ASSIGNMENT:
Each line below from the "Hàm callback rất" line through the "Series A rounds" line, those two included, must be restated word for word; the pictures must not be.

EXERCISE MATERIAL:
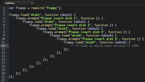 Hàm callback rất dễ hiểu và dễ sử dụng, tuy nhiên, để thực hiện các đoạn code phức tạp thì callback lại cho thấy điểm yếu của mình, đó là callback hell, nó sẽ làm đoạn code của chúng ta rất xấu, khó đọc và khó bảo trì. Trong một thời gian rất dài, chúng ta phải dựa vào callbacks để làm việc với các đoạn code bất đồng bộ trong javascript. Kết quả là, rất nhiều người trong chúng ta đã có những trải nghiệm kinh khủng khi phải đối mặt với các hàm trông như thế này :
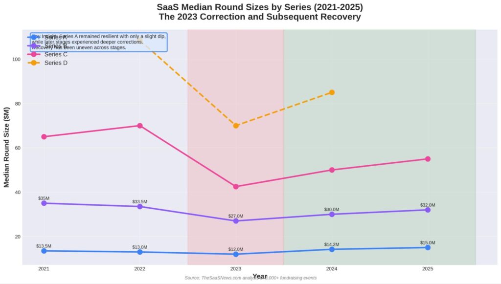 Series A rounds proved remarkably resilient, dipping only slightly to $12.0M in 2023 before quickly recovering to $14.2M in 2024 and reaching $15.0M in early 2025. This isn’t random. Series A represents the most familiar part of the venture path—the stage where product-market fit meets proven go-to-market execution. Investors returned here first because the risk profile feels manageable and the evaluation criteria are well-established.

---

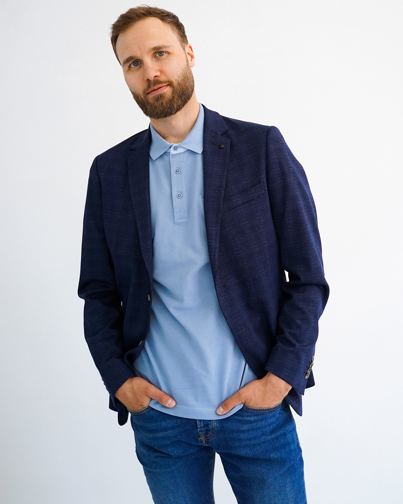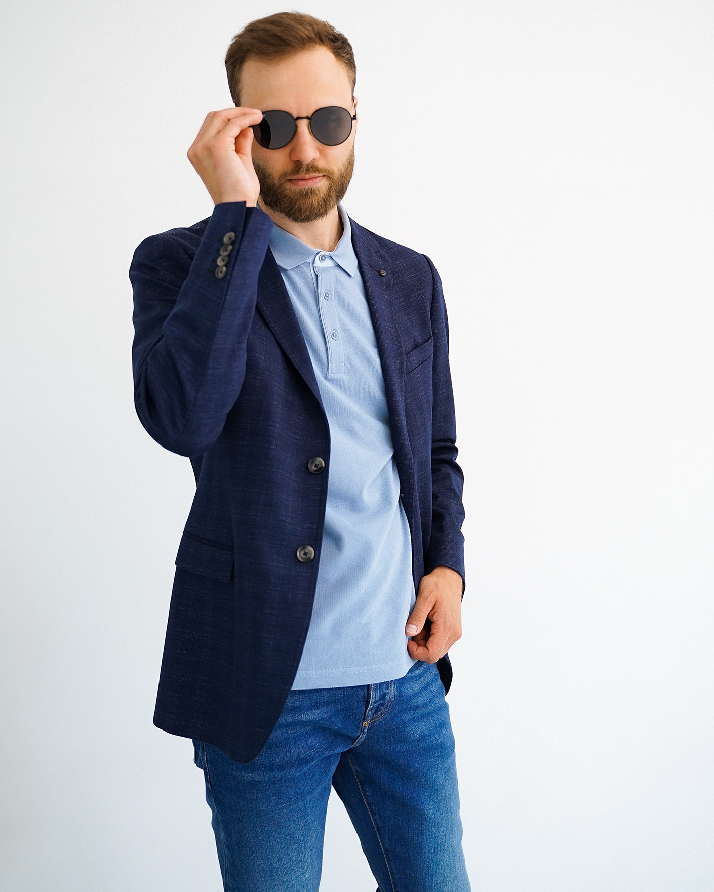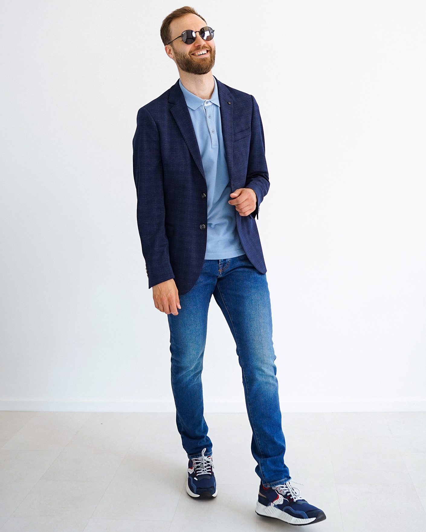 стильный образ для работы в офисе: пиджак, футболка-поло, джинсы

...

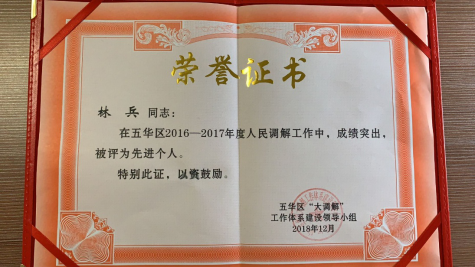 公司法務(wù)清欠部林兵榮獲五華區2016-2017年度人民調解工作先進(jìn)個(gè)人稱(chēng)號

OUTPUT FOR THIS EXERCISE:
 Hàm callback rất dễ hiểu và dễ sử dụng, tuy nhiên, để thực hiện các đoạn code phức tạp thì callback lại cho thấy điểm yếu của mình, đó là callback hell, nó sẽ làm đoạn code của chúng ta rất xấu, khó đọc và khó bảo trì. Trong một thời gian rất dài, chúng ta phải dựa vào callbacks để làm việc với các đoạn code bất đồng bộ trong javascript. Kết quả là, rất nhiều người trong chúng ta đã có những trải nghiệm kinh khủng khi phải đối mặt với các hàm trông như thế này :
 Series A rounds proved remarkably resilient, dipping only slightly to $12.0M in 2023 before quickly recovering to $14.2M in 2024 and reaching $15.0M in early 2025. This isn’t random. Series A represents the most familiar part of the venture path—the stage where product-market fit meets proven go-to-market execution. Investors returned here first because the risk profile feels manageable and the evaluation criteria are well-established.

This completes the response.